Tonight, take a trip to Spain with this tapas-inspired plate. There's no need to get on a plane when you can have crispy bean croquettes, patatas bravas-style paprika-dusted potatoes and a roasted red pepper salad, all in the comfort of your own home!
The quantities provided above are averages only.
Produced in a facility that processes milk, sesame, eggs, fish, shellfish, crustaceans, mustard, tree nuts, peanuts, wheat, soybean and sulphites.
370 mL
Black Beans
1 tbsp
Smoked Paprika-Garlic Blend
(Contains Sulphites)
170 mL
Roasted Peppers
360 g
Yellow Potato
1 tbsp
White Wine Vinegar
(Contains Sulphites)
56 g
Arugula and Spinach Mix
½ cup
Panko Breadcrumbs
(Contains Wheat)
¼ cup
Feta Cheese, crumbled
(Contains Milk)
28 g
Pepitas
4 tbsp
Mayonnaise
(Contains Egg, Mustard)
7 g
Parsley
4.5 tbsp
Oil*
0.13 tsp
Salt*
0.13 tsp
Pepper*
½ tsp
Sugar*
Before starting, preheat the oven to 450˚F. Wash and dry all produce. Cut potatoes into 1-inch pieces. Add potatoes and 1 tbsp oil (dbl for 4 ppl) to a parchment-lined baking sheet. Sprinkle over half the Smoked Paprika-Garlic Blend. Season with salt and pepper, then toss to coat. Roast in the middle of the oven, flipping halfway through, until tender and golden-brown, 25-28 min.
While potatoes roast, finely chop parsley. Drain roasted red peppers, then finely chop. Drain beans, reserving liquid, then rinse beans. Add beans and 1/4 cup reserved bean liquid (dbl for 4 ppl) to a large bowl. Mash until mixture forms a paste, 1-2 min. Add half the feta, half the parsley, half the panko and remaining Smoked Paprika-Garlic Blend. Season with salt and pepper, then stir to combine.

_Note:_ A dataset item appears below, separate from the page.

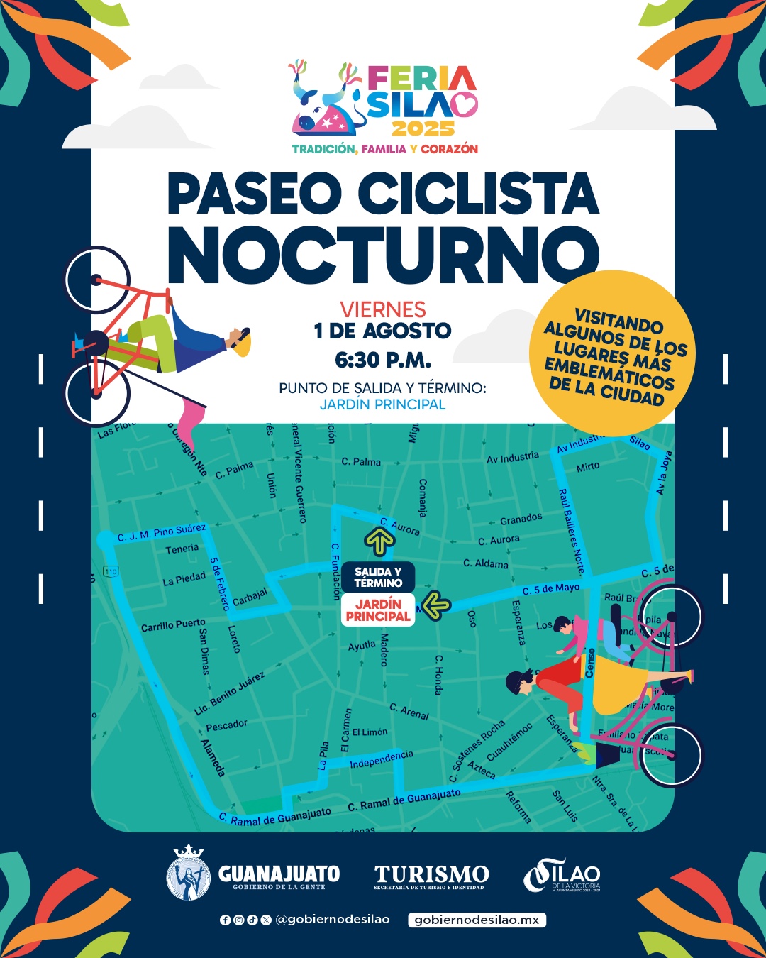 Silao, Gto. 01 agosto 2025.- Este 1° de agosto se realizará el paseo ciclista nocturno de Feria en Silao, en coordinación con la Comisión Municipal del Deporte y los clubes ‘Monitos de color’ y ‘Saetas’. La actividad está abierta al público y busca conectar a las y los participantes con la historia y el entorno urbano del centro de la ciudad.
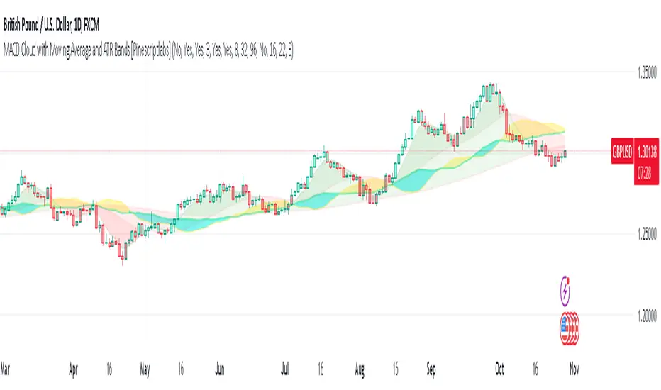 The algorithm implements a technical analysis indicator that combines the MACD Cloud, Moving Averages (MA), and volatility bands (ATR) to provide signals on market trends and potential reversal points. It is divided into several sections:

Heat a large non-stick pan over medium-high heat. When hot, add pepitas to the dry pan. Toast, stirring often, until golden-brown, 3-4 min. (TIP: Keep your eye on them so they don't burn!) Transfer to a small bowl.
Add remaining panko to a shallow dish. Roll bean mixture into 4 equal-sized balls (8 for 4 ppl). Working with one croquette at a time, roll croquettes in panko. Add 1 tbsp oil to the same pan, then croquettes. Using a spatula, gently flatten each croquette into a 2-inch disc. (NOTE: Don't overcrowd the pan; cook in 2 batches for 4 ppl, using 2 tbsp oil per batch!) Cook until golden-brown, 3-4 min. Flip croquettes, add 1 tbsp oil and cook until golden-brown, 3-4 min.
Whisk together vinegar, 1/2 tsp sugar and 1 1/2 tbsp oil (dbl both for 4 ppl) in a medium bowl. Add arugula and spinach mix and half the roasted red peppers. Season with salt and pepper, then toss to combine.
Combine mayo, remaining parsley, remaining feta and remaining roasted red peppers in another small bowl. Divide roasted potatoes, black bean croquettes and salad between plates. Top salad with pepitas. Serve red pepper mayo on the side for dipping.